Enzo Gambaro è sicuramente uno dei più grandi talenti calcistici che la Val Polcevera abbia regalato. Più di cento presenze nel massimo campionato italiano, due Scudetti e una Supercoppa italiana con il Milan, una Coppa Italia vestendo il blucerchiato della Sampdoria e Coppa e Supercoppa d’Austria con la maglia dello Sturm Graz.

Ma come è stato il passaggio alla Samp per uno che da ragazzo è cresciuto al Ferraris guardando le partite del Genoa? «Giocare e crescere con la maglia della Sampdoria è stato fantastico.
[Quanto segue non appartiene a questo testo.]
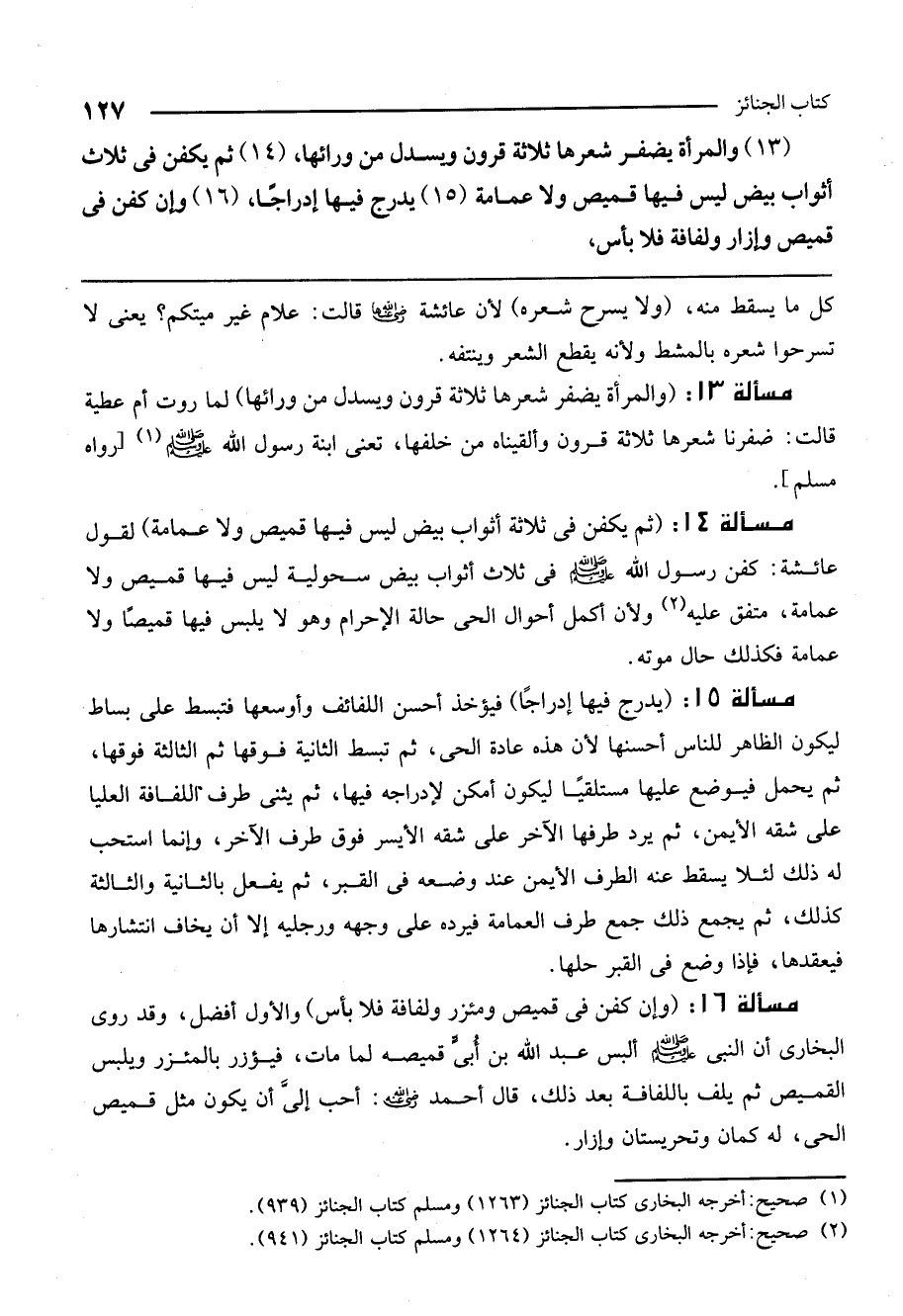 مسألة 13: (والمرأة يضفر شعرها ثلاثة قرون ويسدل من ورائها) لما روت أم عطية قالت: «ضفرنا شعرها ثلاثة قرون وألقيناه من خلفها، تعني ابنة رسول الله - صَلَّى اللَّهُ عَلَيْهِ وَسَلَّمَ -» [رواه مسلم] .

E’ vero, da bambino andavo allo stadio per seguire i miei idoli Pruzzo e Damiani che allora indossavano la maglia rossoblu, ma se avessero giocato nella Samp sarebbe stata la stessa cosa».

Nella vita di Enzo però c’è stato un salto ben più grande, perchè per uno abituato alla tranquillità dell’Appennino non è facile trovarsi catapultato a Milano, anche se lui non sembra averne sofferto più di tanto se è vero che, come detto, con la maglia rossonera ha messo in bacheca due Scudetti. «Ma la città dove mi sono trovato meglio dopo Genova è stata Parma», afferma Gambaro.
Nel corso della sua carriera ha avuto modo di lavorare con alcuni dei più importanti allenatori italiani, tra cui Fabio Capello, ma ne ricorda con affetto soprattutto altri: «Ho avuto l’onore di essere allenato da mister molto importanti, i migliori sono stati sicuramente Scala, Lippi e Pippo Marchioro. E Franco Bertolla, mio primo allenatore nella Samp, a livello giovanile è stato un genio».

Oggi Enzo Gambaro mantiene ancora rapporti con il territorio che lo ha visto nascere e crescere? «Pontedecimo l’ho sempre vissuta poco, non ero mai presente a causa di tutti i miei impegni calcistici, ma sono sempre rimasto affezionato a Serra Riccò e alla zona di Orero».
Nella sua lunga carriera, come abbiamo detto, ha avuto modo di vincere tanto, quali sono i traguardi che ricorda con maggiore affetto? «Al primo posto metto l’esordio in serie A avvenuto il 17 febbraio 1985, un ricordo indelebile. E la promozione in serie A raggiunta con il Parma nel 1990. Proprio aver lasciato i gialloblu è il più grande rammarico».